2013-4 Lysenko_with_Stalin - Copy

A rare photo of Stalin (back R) gazing approvingly at Trofim Lysenko (1898-1976)
speaking from the rostrum in the Kremlin, 1935

In this case, the Education Secretary is seeking to improve schoolchildren’s minds rather than to improve crop yields. But declaring the ‘right’ answer from the centre is no way to achieve enlightenment. Without the support of the ‘little platoons’ (to borrow another key phrase from Burke), the proposed changes may well prove counter-productive in the class-room. Many teachers, who have to teach the syllabus, are already alienated. And, given that History as a subject lends itself to debate and disagreement, pupils will often learn different lessons from those intended.

Intellectual interests in an Education Secretary are admirable. The anti-intellectualism of numerous past ministers (including too many Labour ones) has been horribly depressing. But intellectual confidence, tipped into arrogance, can be taken too far. Another quotation to that effect is often web-attributed to Edmund Burke, though it seems to come from Albert Einstein. He warned that powerful people should wisely appreciate the limits of their power:

Whoever undertakes to set himself up as a judge of Truth and Knowledge is shipwrecked by the laughter of the gods.8

1 That viewpoint was supported in my monthly BLOG no.23 ‘Why do Politicians Undervalue History in Schools’ (Oct. 2012): see www.penelopejcorfield.co.uk.

2 I proposed a long-span course on ‘The Peopling of Britain’ in History Today, 62/11 (Nov. 2012), pp. 52-3.

3 See D. Cannadine, ‘Making History: Opportunities Missed in Reforming the National Curriculum’, Times Literary Supplement, 15 March 2013, pp. 14-15; plus further responses and a link to the original proposals in www.historyworks.tv

4 For the relationships of History and Civics, see my monthly BLOG no.24 ‘History as the Staple of a Civic Education’, www.penelopejcorfield.co.uk.

5 Michael Gove speech to 2008 Conservative Party Annual Conference, as reported in en.wikipedia.org/wiki/Michael_Gove, consulted 3 April 2013.

6 Quotation from Edmund Burke (1729-97), Second Speech on Conciliation with America (1775).

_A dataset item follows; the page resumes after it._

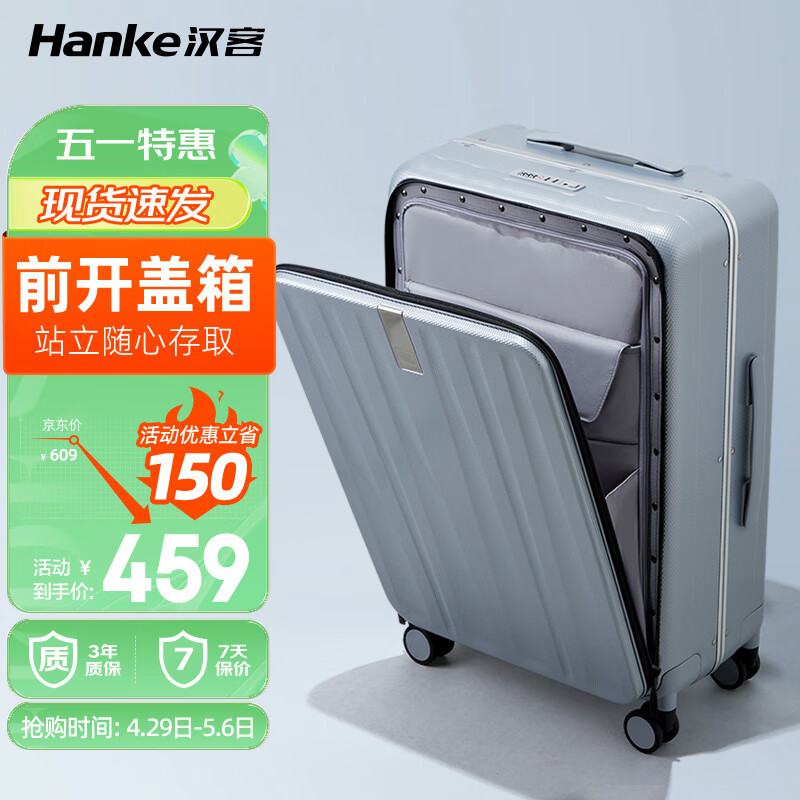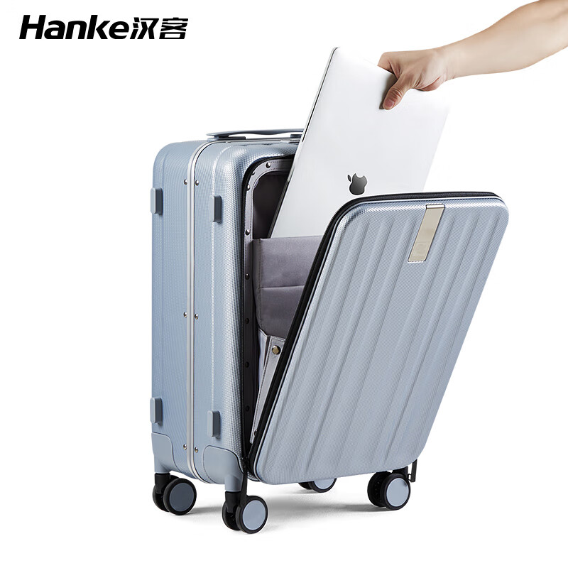 汉客铝框前开盖登机行李箱男20英寸环保灰铝框拉杆箱女密码箱旅行箱价格:609.00元!

For further context, see D. O’Keeffe, Edmund Burke (2010); I. Kramnick, The Rage of Edmund Burke: Portrait of an Ambivalent Conservative (New York, 1977); and F. O’Gorman (ed.), British Conservatism: Conservative Thought from Burke to Thatcher (1986).

7 Z. Medvedev, The Rise and Fall of T.D. Lysenko (New York, 1969).

8 Albert Einstein (1879-1955), in Essays Presented to Leo Baeck on the Occasion of his Eightieth Birthday (1954), p. 26. The quotation is sometimes (but wrongly) web-attributed to Edmund Burke’s critique of Jacobin arrogance in his Preface to Brissot’s Address to his Constituents (1794).